The Fifth Circuit and the Tenth Circuit have taken the same approach as the majority took in Levin, likewise relying on the broad authorization of Rule 12(b)(2), Fed.R.Crim.P., whereby “[a] party may raise by pretrial motion any defense, objection, or request that the court can determine without a trial of the general issue.” See United States v. Flores, 404 F.3d 320, 325 (5th Cir.2005); United States v. Todd, 446 F.3d 1062, 1068 (10th Cir.2006). The Todd court noted that a district court might dismiss charges at the pretrial stage in the limited circumstance where the operative facts were undisputed. (In the present case, whether Worley told the employees she could find out if they voted and for whom they voted is a potentially operative fact that is not undisputed.) The Fifth Circuit pointed out in Flores that this interpretation of Rule 12, Fed.

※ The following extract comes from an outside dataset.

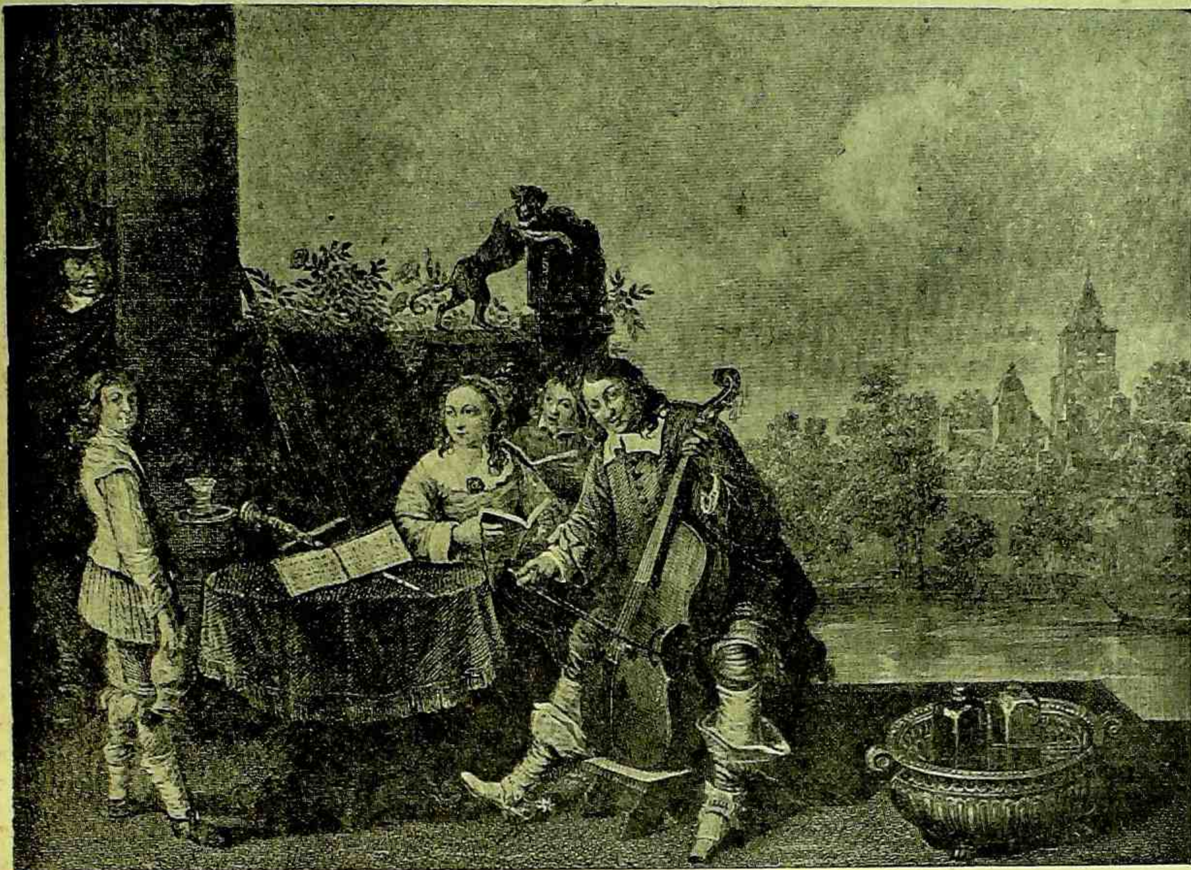
Todos músicos, gozando das alegrias do lar.

R.Crim.P., “avoids the waste of judicial resources that result from ‘legally merit-less cases being sent to trial,’ ” 404 F.3d at 325 (footnote omitted), referencing the statement in Salman, whereby the Eleventh Circuit had “recognize[d] that our system of criminal procedure may result in legally meritless cases being sent to trial, but absent further legislative direction, it is not for the courts to filter which criminal cases may reach the trial stage by reviewing the proffered evidence in advance.” Salman, 378 F.3d at 1269. As noted, Rule 13.5(c), Ala. R.Crim. P., is not as expansive in scope as the various components of Rule 12(b), Fed.R.Crim.P., and the trial court’s authority to dismiss an indictment is therefore more circumscribed. I conclude that Rule 13.5(c)(1) does not empower a trial judge to take the action taken here because, looking only to the face of the 10 counts of the indictment, it cannot be said *428that the 5 felony counts manifest a legal insufficiency or fail to charge an offense.9
. Worley argues in her brief that the State cannot rely on that portion of § 17— 1 —7(b) that criminalizes the use of official authority or position for the purpose of influencing the vote of any person, because that feature of § 17 — 1—7(b) "is not even properly part of the charges in this case. The grand jury did not indict Secretary of State Worley for allegedly influencing employees' votes.” (Worley's brief, p. 40.) The text of the five felony counts of the indictment is set out in full in the main opinion, and whatever might be the merit of Worley’s argument concerning whether an improper attempt to influence votes is charged, that contention was not before the trial court, was not referenced in any way by the trial court in its written order, and, consequently, is not before this court. The motion to dismiss filed by Worley did not raise that point in any fashion (C. 47-50); it was not alluded to in any fashion during the two hearings conducted by the trial court on the dismissal motion (R. 6-39, 40-48); and the trial court’s order does not take any note of it. To the contrary, at one point the trial court evidenced its understanding that influencing a vote was implicated, by stating: "Telling a politician they can’t influence someone's vote is like telling most people they can’t go out and breathe. I don’t know how you separate the two.” (R. 36.)